No findings of significance were identified.

1EP3 Emergency Response Organization (ERO) Staffing and Augmentation System

a. Inspection Scope

(1 sample)

A review of Salem/Hope Creeks ERO augmentation staffing requirements and the process for notifying the ERO was conducted. This was performed to ensure the readiness of key staff for responding to an event and to ensure timely facility activation.
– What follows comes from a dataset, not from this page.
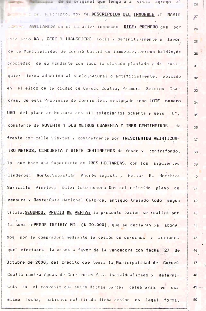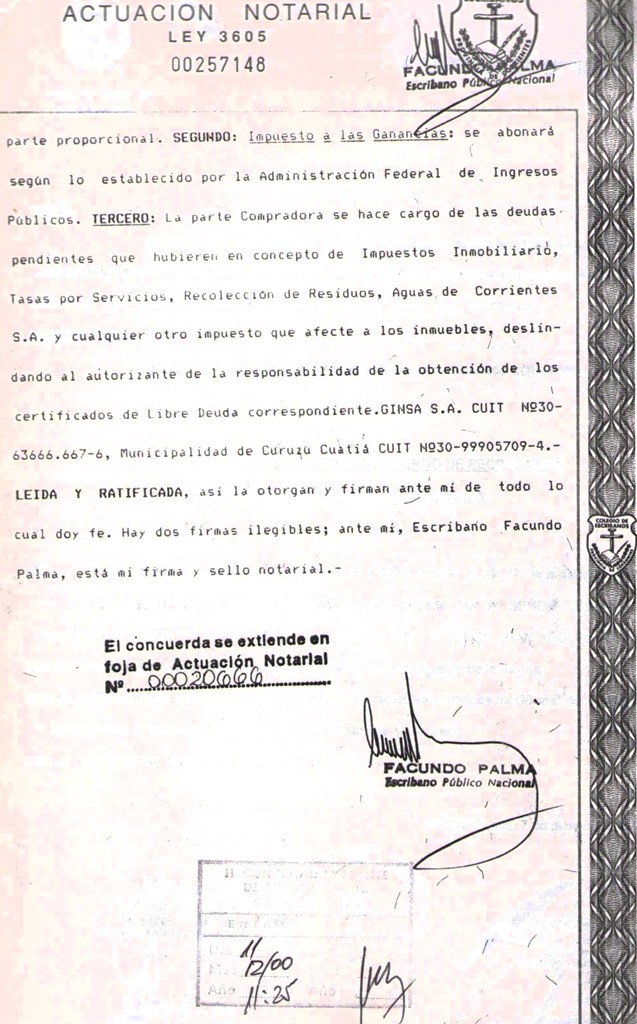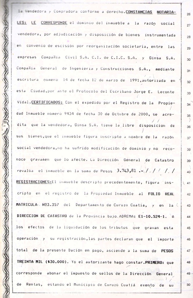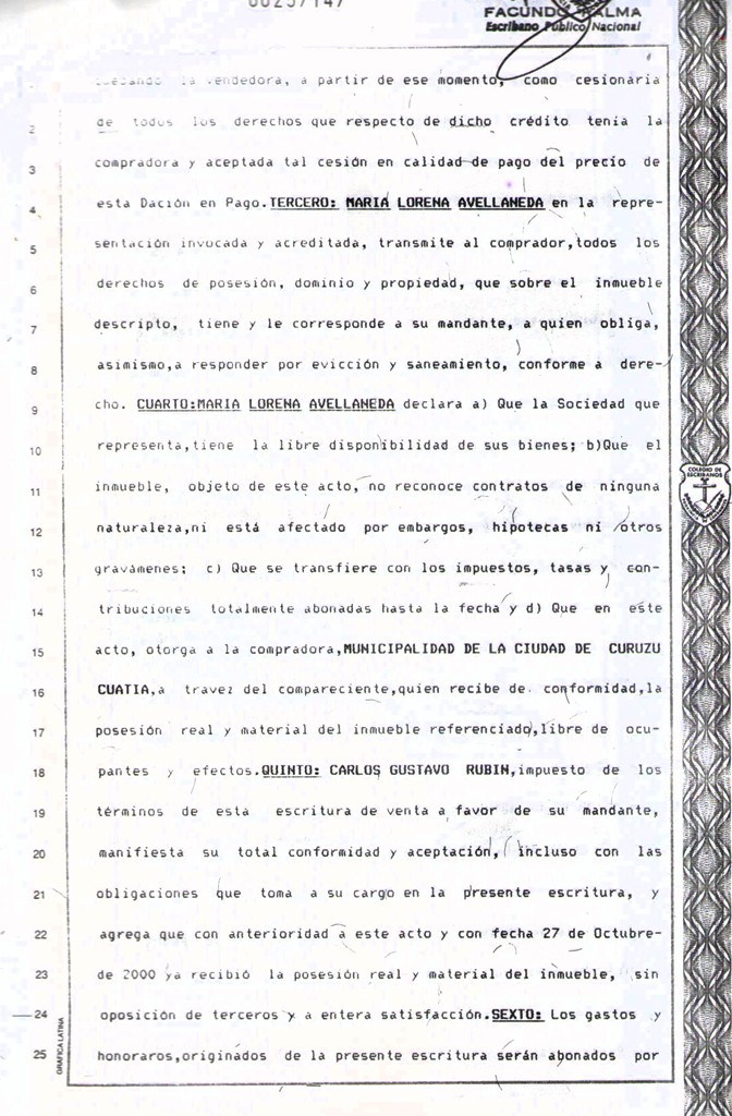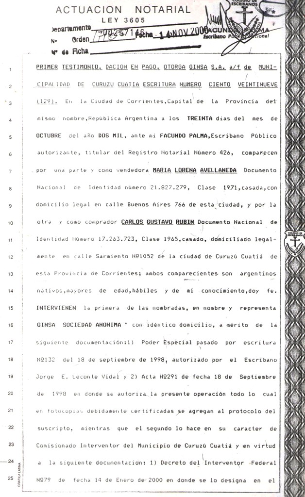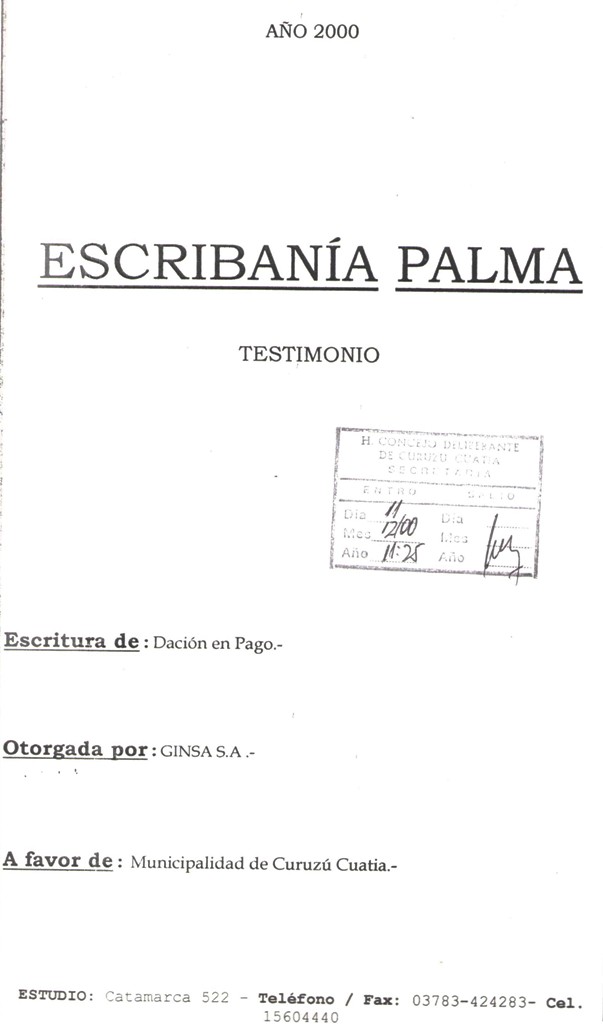 VISTO: El Convenio de DACION EN PAGO entre la MUNICIPALIDAD DE CURUZU CUATIA y la Empresa GINSA S.A., firmado el 30 de Octubre de 2000, por el Dr. CARLOS GUSTAVO RUBIN, Comisionado Interventor de la Municipalidad de Curuzú Cuatiá y la señora MARIA LORENA AVELLANDA en representación de la Empesa GINSA S.A.; y
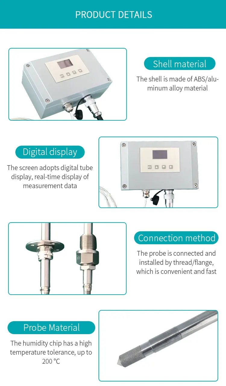 Product DescriptionMeasuring range-40~200℃Measurement accuracy±0.2℃Repeatability±0.1℃Long term stability<0.04℃Response time30sSupply voltage24V DC±10%Current consumptionMax 80mAElectrical connectionsTerminalsShell materialABS/Aluminum alloyDisplay operating temperature-40~70℃Display methodDigital TubeLine lengthStandard 2 meters, maximum customized 6 meters

The inspectors reviewed procedures, notifications, and call-in drills associated with the ERO notification system and drills. The inspectors interviewed personnel responsible for testing the ERO augmentation process. The inspectors compared qualification requirements to the training records for a sample of ERO members. The inspectors also verified that the EP department staff were receiving required training as specified in the emergency plan. Applicable emergency planning standards of 10 CFR 50.47 and the related requirements of 10 CFR 50, Appendix E were used as reference criteria.

b. Findings

No findings of significance were identified.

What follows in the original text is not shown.